Give an exact copy of the data that follows, but none of its pictures.

#### Dataset excerpt
=== Section Start ===
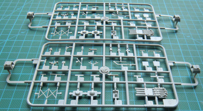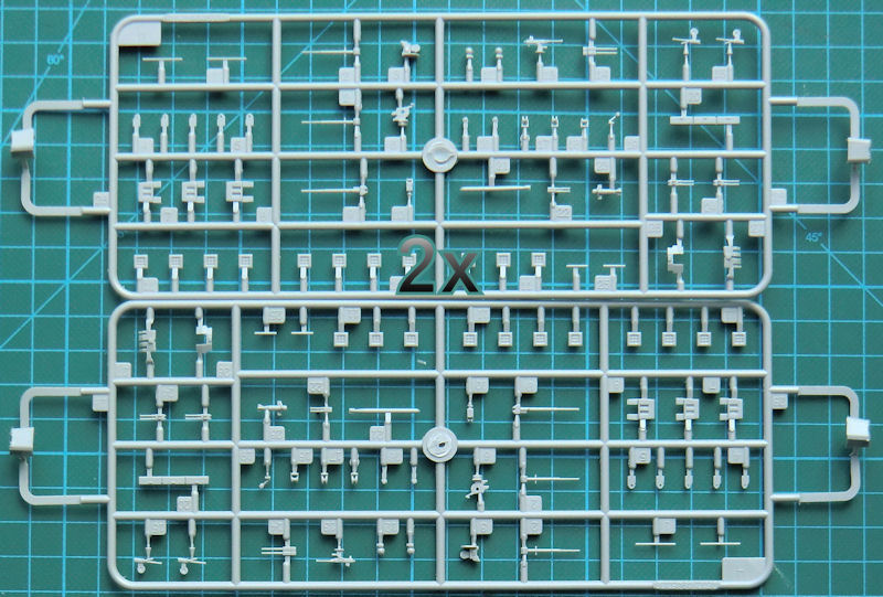 Die Teile sind in der bekannten TRUMPETER-Qualität und die meisten Spritzlinge sind aus dem Z-25-Kit bekannt. Hier wurden nur die notwendigen Teile beigefügt. Der Bau beginnt mit den vier einzelnen 15-cm-Geschützen. Anschließend müssen beim Hauptdeck ein paar Bohrungen freigelegt werden.
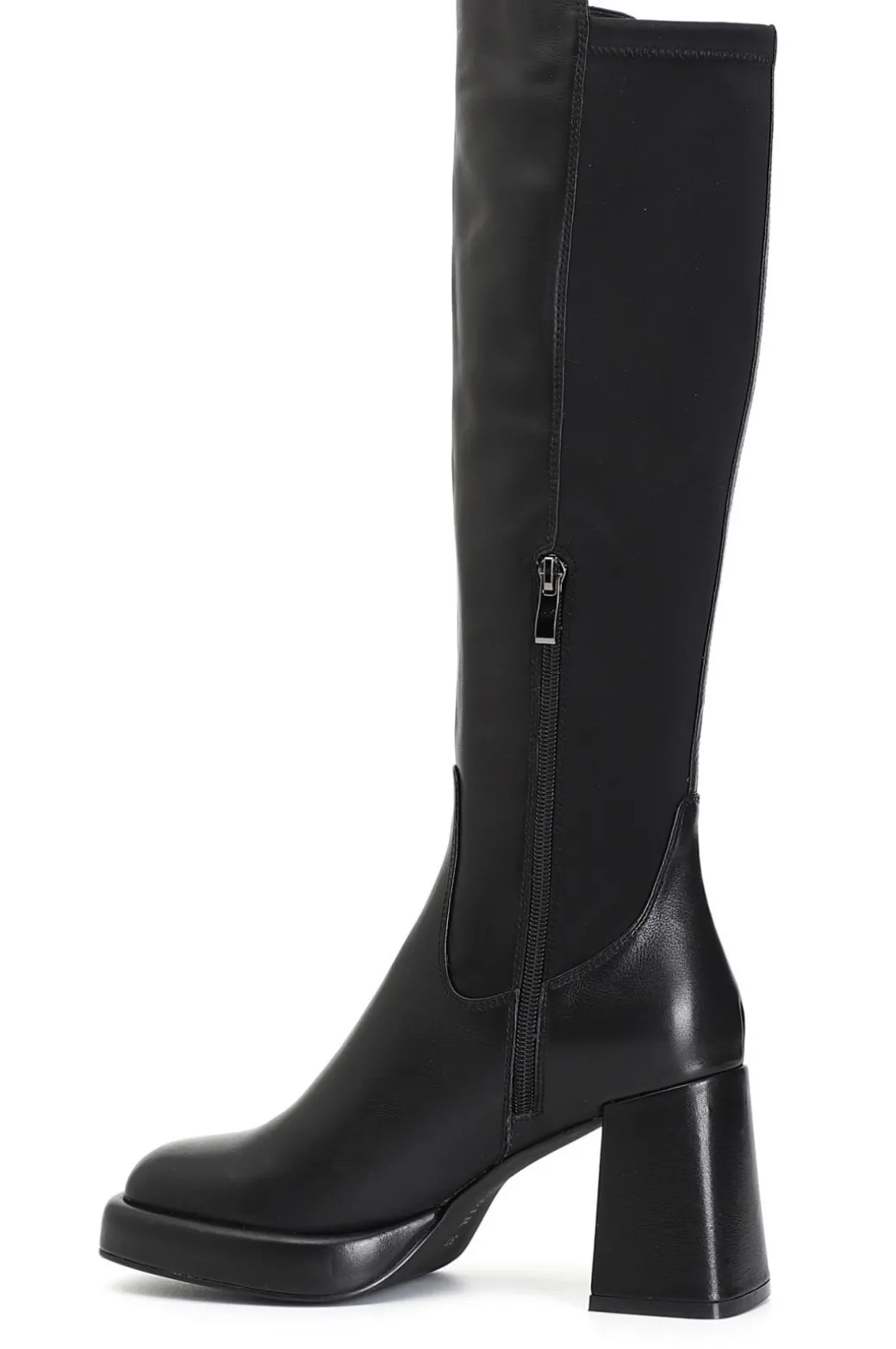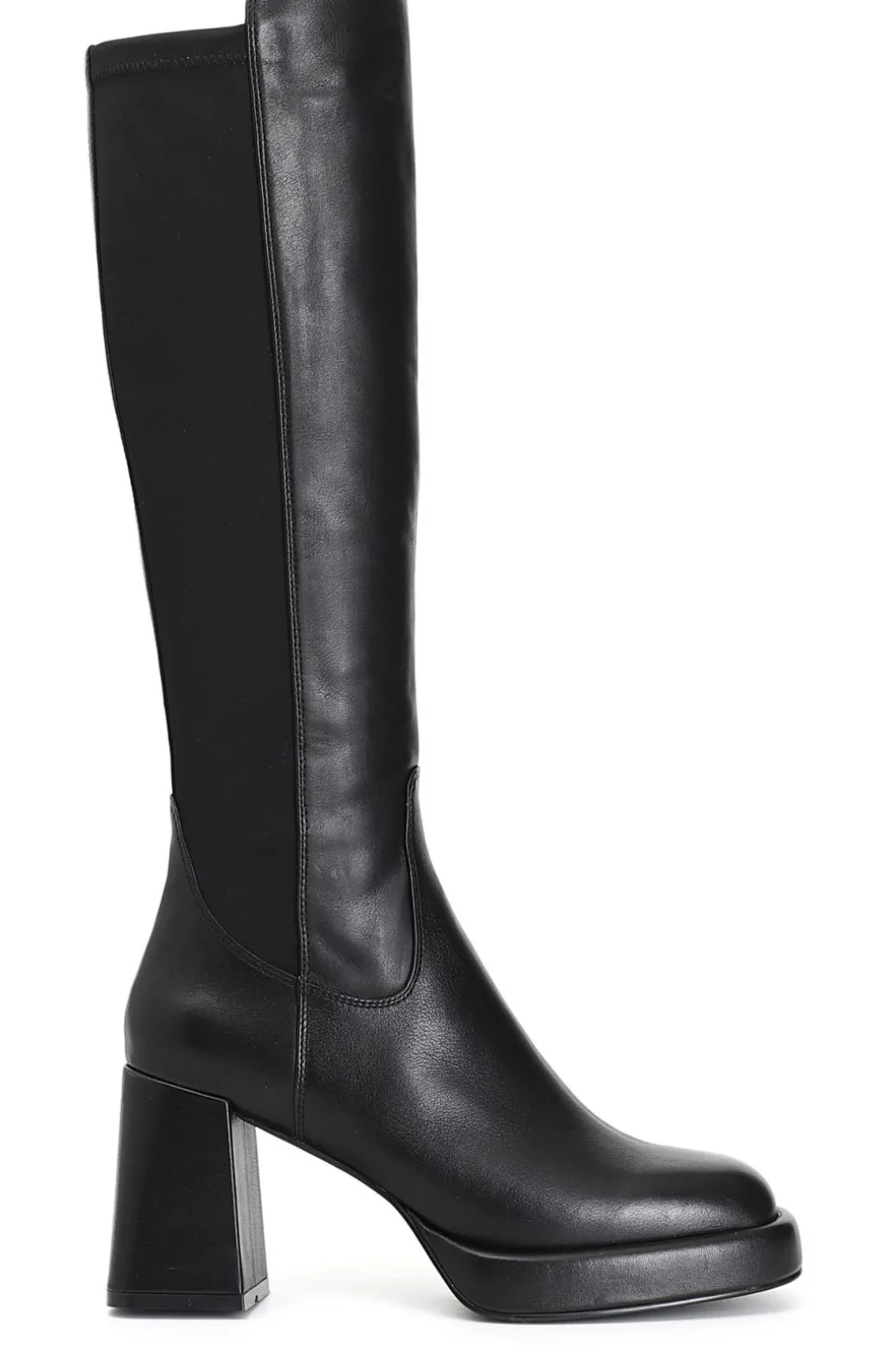 Stivale in pelle e stretch con tacco 80mm e plateau 20mm. il soletto è in pelle. comodità ed eleganza allo stesso tempo ed un carattere unico adatto ad ogni outfit.
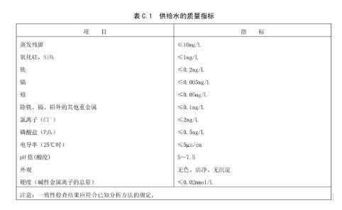除了硬度要求,滅菌器的進水還對其他指標有較高的要求,比如水中鐵,pH值、鎘、鉛等重金屬雜質。國標《GB 8599-2008大型蒸汽滅菌器技術要求自動控制型》對滅菌器的進水指標做出了規定。要求進水電導率不超過5 μS/cm,二氧化硅含量不超過1㎎/L,硬度要求不超過0.02 mol/L,還對鐵、鎘、鉛、氯離子、磷酸鹽、pH、重金屬離子等做出了詳細的規定(如下圖所示)。
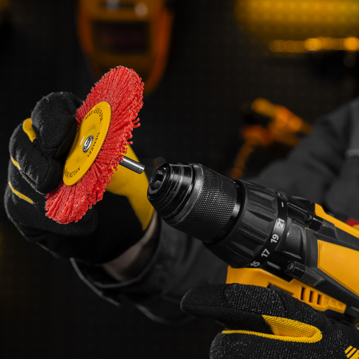 Плоская щетка Denzel 74434 диаметром 100 мм, со шпилькой и нейлоновой щетиной, — насадка для дрели, предназначенная для выполнения шлифовальных работ по пластику, древесине, стали и цветным металлам. Щетина изготовлена из высококачественного нейлона с нанесенным абразивом из оксида алюминия. Щетка оптимальна для деликатного удаления загрязнений, краски, пятен ржавчины с твердых поверхностей. Позволяет придать шероховатость поверхности, подходит для браширования древесины. Благодаря плоской форме насадка удобна для обработки пазов, изгибов и угловых соединений.
=== Section End ===
#### Result
 Die Teile sind in der bekannten TRUMPETER-Qualität und die meisten Spritzlinge sind aus dem Z-25-Kit bekannt. Hier wurden nur die notwendigen Teile beigefügt. Der Bau beginnt mit den vier einzelnen 15-cm-Geschützen. Anschließend müssen beim Hauptdeck ein paar Bohrungen freigelegt werden.
 Stivale in pelle e stretch con tacco 80mm e plateau 20mm. il soletto è in pelle. comodità ed eleganza allo stesso tempo ed un carattere unico adatto ad ogni outfit.
除了硬度要求,滅菌器的進水還對其他指標有較高的要求,比如水中鐵,pH值、鎘、鉛等重金屬雜質。國標《GB 8599-2008大型蒸汽滅菌器技術要求自動控制型》對滅菌器的進水指標做出了規定。要求進水電導率不超過5 μS/cm,二氧化硅含量不超過1㎎/L,硬度要求不超過0.02 mol/L,還對鐵、鎘、鉛、氯離子、磷酸鹽、pH、重金屬離子等做出了詳細的規定(如下圖所示)。
 Плоская щетка Denzel 74434 диаметром 100 мм, со шпилькой и нейлоновой щетиной, — насадка для дрели, предназначенная для выполнения шлифовальных работ по пластику, древесине, стали и цветным металлам. Щетина изготовлена из высококачественного нейлона с нанесенным абразивом из оксида алюминия. Щетка оптимальна для деликатного удаления загрязнений, краски, пятен ржавчины с твердых поверхностей. Позволяет придать шероховатость поверхности, подходит для браширования древесины. Благодаря плоской форме насадка удобна для обработки пазов, изгибов и угловых соединений.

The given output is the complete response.